### [What to work on]
Your answer must be an exact copy of the entries below, with no pictures in it.

Stored data:
>>
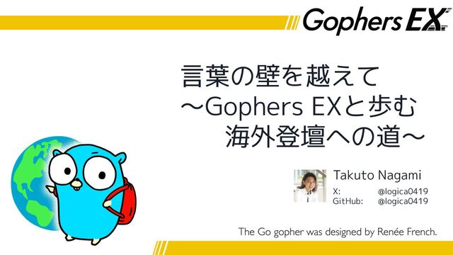 Takuto Nagami X: @logica0419 GitHub: @logica0419 言葉の壁を越えて ~Gophers EXと歩む 海外登壇への道~
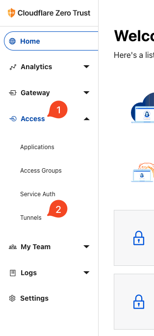 Clique em Traffic -> Cloudflare Tunnel -> Launch Zero Trust Dashboard. Na tela que surgirá, a do Cloudflare Zero Trust, clique em Access -> Tunnels:
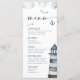 Este cardápio apresenta desenhos náuticos em aquarela, a tipografia elegante complementa o design perfeitamente.
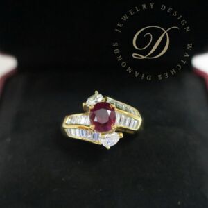 天然 紅寶石1.73克拉 鑲崁 鑽石/梯鑽/馬眼鑽 戒台/戒指 18K金
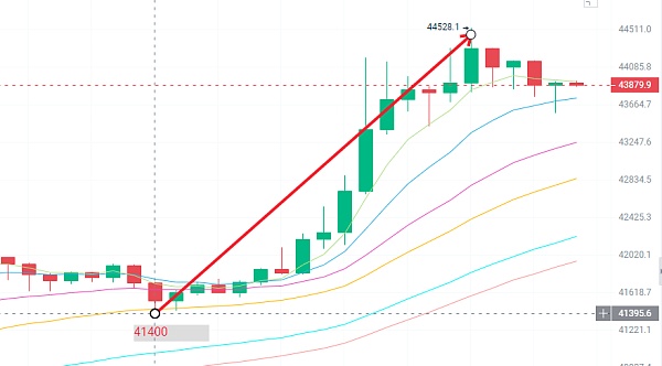 在43500-43700附近多单,设置300的防守位,目标为44500-45000。
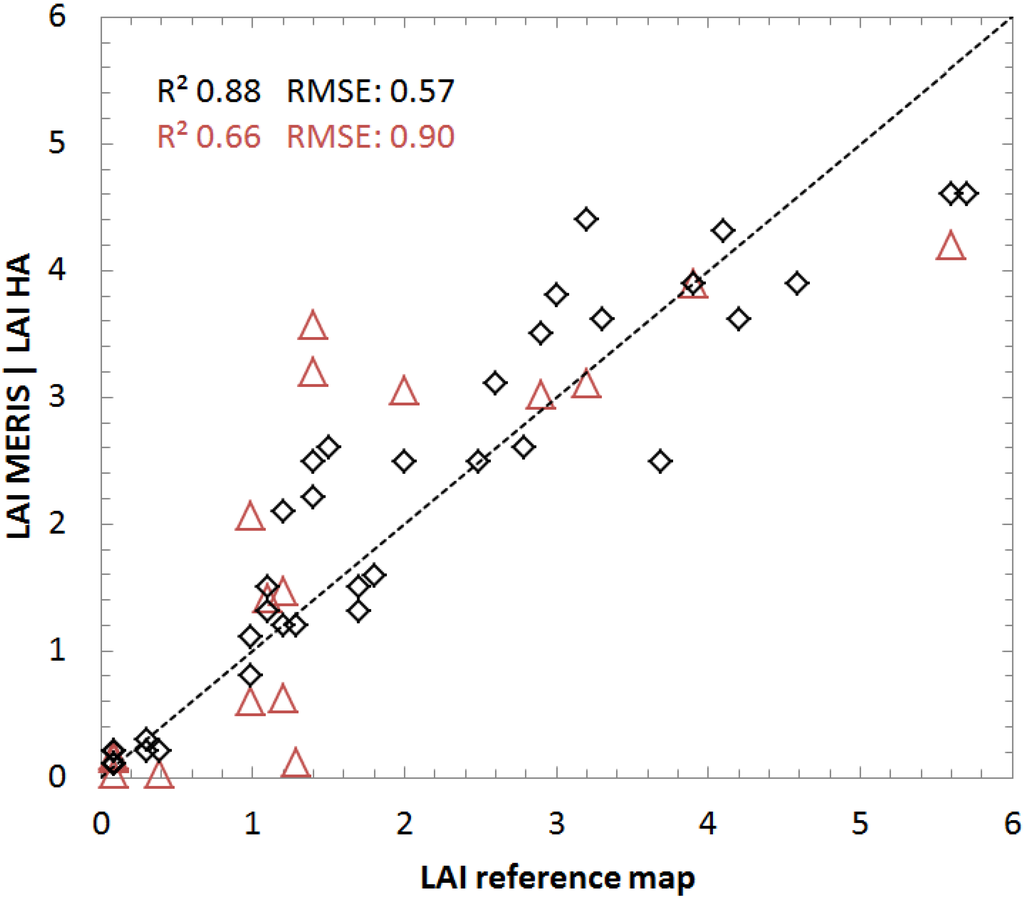 Validation of time series-analyzed MERIS data with VALERI and BigFoot measurements. Red triangles represent the comparison of Leaf Area Index (LAI) MERIS with LAI reference maps. Black diamonds represent the comparison of LAI harmonic analysis (HA) with LAI reference maps.
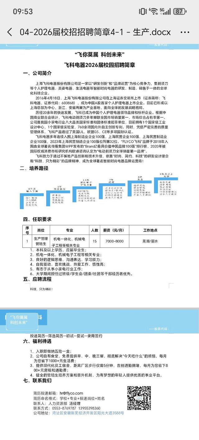 上海飞科电器校园招聘专场
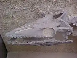 Mosasaurs are the most common marine reptiles in the Niobrara Chalk and the most successful ones in the sea at the time. Several different genera representing the four different subfamilies of Mosasauridae: the Tylosaurinae, Plioplatecarpinae, Mosasaurinae, and Halisaurinae, were present in Niobrara. They were the dominant carnivorous marine reptiles and ate cephalopods, fish, turtles, pterosaurs, birds, and even plesiosaurs.[26] There is evidence of them consuming other smaller mosasaurs. Despite this, mosasaurs often fell prey to some of the large sharks at the time, such as Cretoxyrhina.[27]
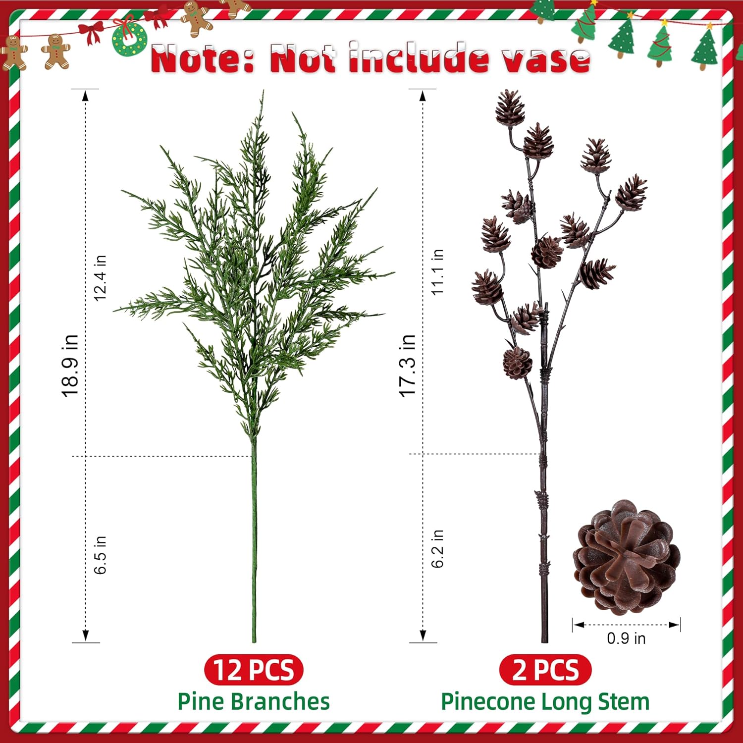 - Each branch measures approximately 20 inches long; Material: high-quality plastic and wire; Color: pine green; Sold as a set of multiple branches.
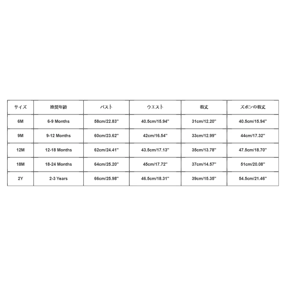 | Size:6M | Recommended age:6-9 Months | Bust:58cm/22.83” | Waist:40.5cm/15.94” | Length:31cm/12.20” | Bottoms Length:40.5cm/15.94” |
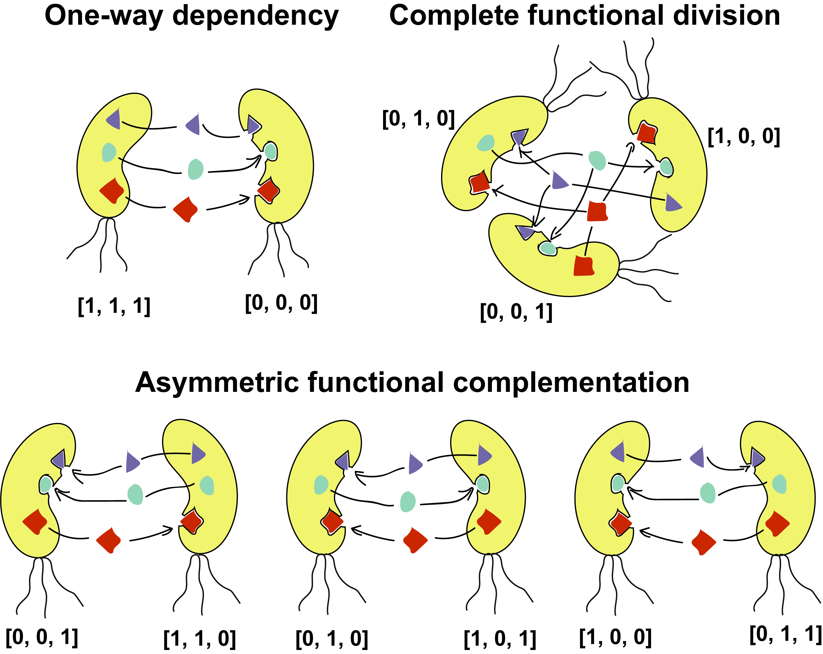Figure 2 Seven auxotrophic genotypes can emerge from reductive evolution starting with an autonomous genotype that performs three essential public functions. We use bit strings containing 1 and 0 to describe these genotypes, which indicate whether the genotype could produce the corresponding public good or not, respectively. Totally, eight genotypes is present, including the initial autonomous producer [1, 1, 1], three one-function loss genotypes (OFLGs, i.e. [1, 1, 0], [1, 0, 1], and [0, 1, 1]), three two-function loss genotypes (TFLGs, i.e. [1, 0, 0], [0, 1, 0], and [0, 0, 1]), and a non-producing cheater [0, 0, 0].
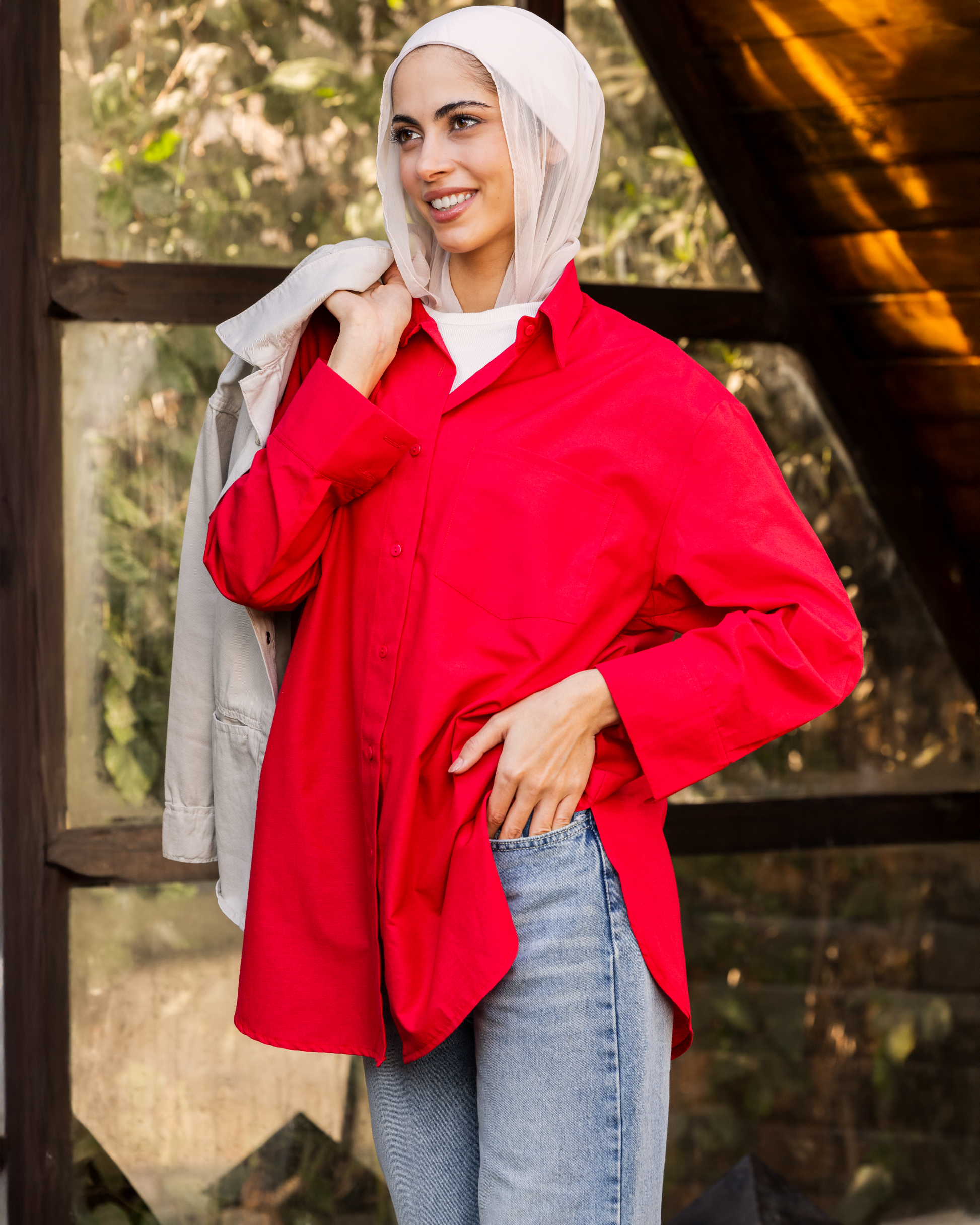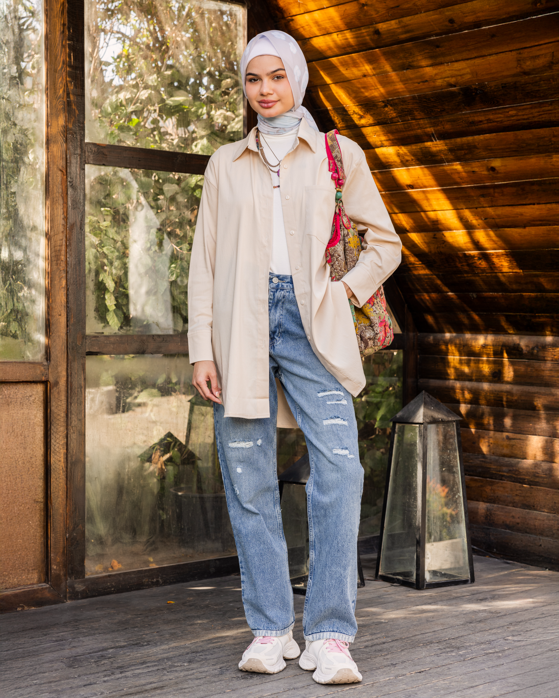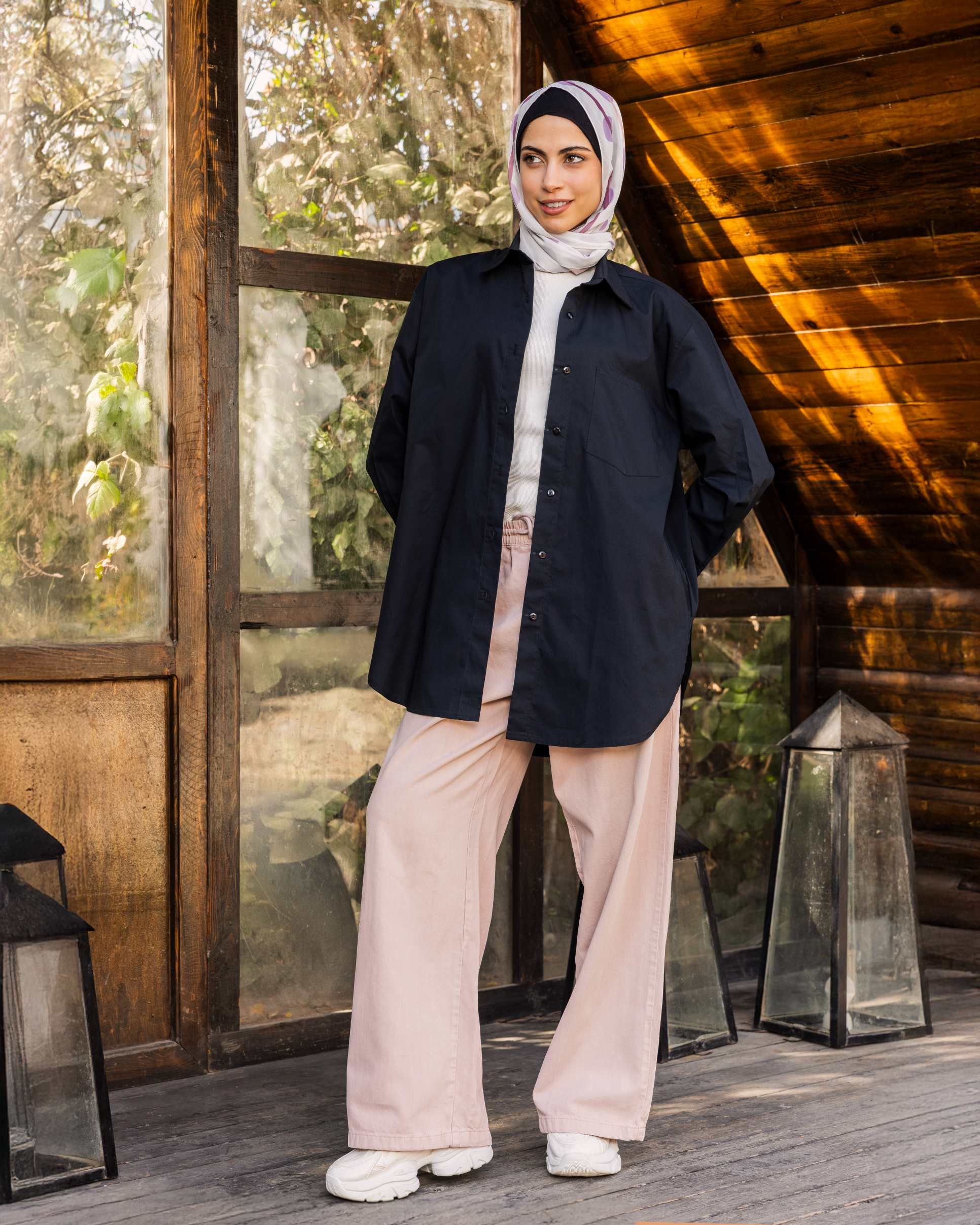 A versatile and modest wardrobe staple, designed with a clean, minimalist silhouette for everyday elegance. Made from lightweight, breathable fabric, it offers comfort and ease of movement. Its long length provides extra coverage, making it ideal for modest styling or layering. Perfect for pairing with trousers, jeans, or skirts, this shirt works well for both casual and semi-formal occasions, offering a simple yet polished look.
<<
### [Solution to this task]
 Takuto Nagami X: @logica0419 GitHub: @logica0419 言葉の壁を越えて ~Gophers EXと歩む 海外登壇への道~
 Clique em Traffic -> Cloudflare Tunnel -> Launch Zero Trust Dashboard. Na tela que surgirá, a do Cloudflare Zero Trust, clique em Access -> Tunnels:
 Este cardápio apresenta desenhos náuticos em aquarela, a tipografia elegante complementa o design perfeitamente.
 天然 紅寶石1.73克拉 鑲崁 鑽石/梯鑽/馬眼鑽 戒台/戒指 18K金
 在43500-43700附近多单,设置300的防守位,目标为44500-45000。
 Validation of time series-analyzed MERIS data with VALERI and BigFoot measurements. Red triangles represent the comparison of Leaf Area Index (LAI) MERIS with LAI reference maps. Black diamonds represent the comparison of LAI harmonic analysis (HA) with LAI reference maps.
 上海飞科电器校园招聘专场
 Mosasaurs are the most common marine reptiles in the Niobrara Chalk and the most successful ones in the sea at the time. Several different genera representing the four different subfamilies of Mosasauridae: the Tylosaurinae, Plioplatecarpinae, Mosasaurinae, and Halisaurinae, were present in Niobrara. They were the dominant carnivorous marine reptiles and ate cephalopods, fish, turtles, pterosaurs, birds, and even plesiosaurs.[26] There is evidence of them consuming other smaller mosasaurs. Despite this, mosasaurs often fell prey to some of the large sharks at the time, such as Cretoxyrhina.[27]
 - Each branch measures approximately 20 inches long; Material: high-quality plastic and wire; Color: pine green; Sold as a set of multiple branches.
 | Size:6M | Recommended age:6-9 Months | Bust:58cm/22.83” | Waist:40.5cm/15.94” | Length:31cm/12.20” | Bottoms Length:40.5cm/15.94” |
Figure 2 Seven auxotrophic genotypes can emerge from reductive evolution starting with an autonomous genotype that performs three essential public functions. We use bit strings containing 1 and 0 to describe these genotypes, which indicate whether the genotype could produce the corresponding public good or not, respectively. Totally, eight genotypes is present, including the initial autonomous producer [1, 1, 1], three one-function loss genotypes (OFLGs, i.e. [1, 1, 0], [1, 0, 1], and [0, 1, 1]), three two-function loss genotypes (TFLGs, i.e. [1, 0, 0], [0, 1, 0], and [0, 0, 1]), and a non-producing cheater [0, 0, 0].
 A versatile and modest wardrobe staple, designed with a clean, minimalist silhouette for everyday elegance. Made from lightweight, breathable fabric, it offers comfort and ease of movement. Its long length provides extra coverage, making it ideal for modest styling or layering. Perfect for pairing with trousers, jeans, or skirts, this shirt works well for both casual and semi-formal occasions, offering a simple yet polished look.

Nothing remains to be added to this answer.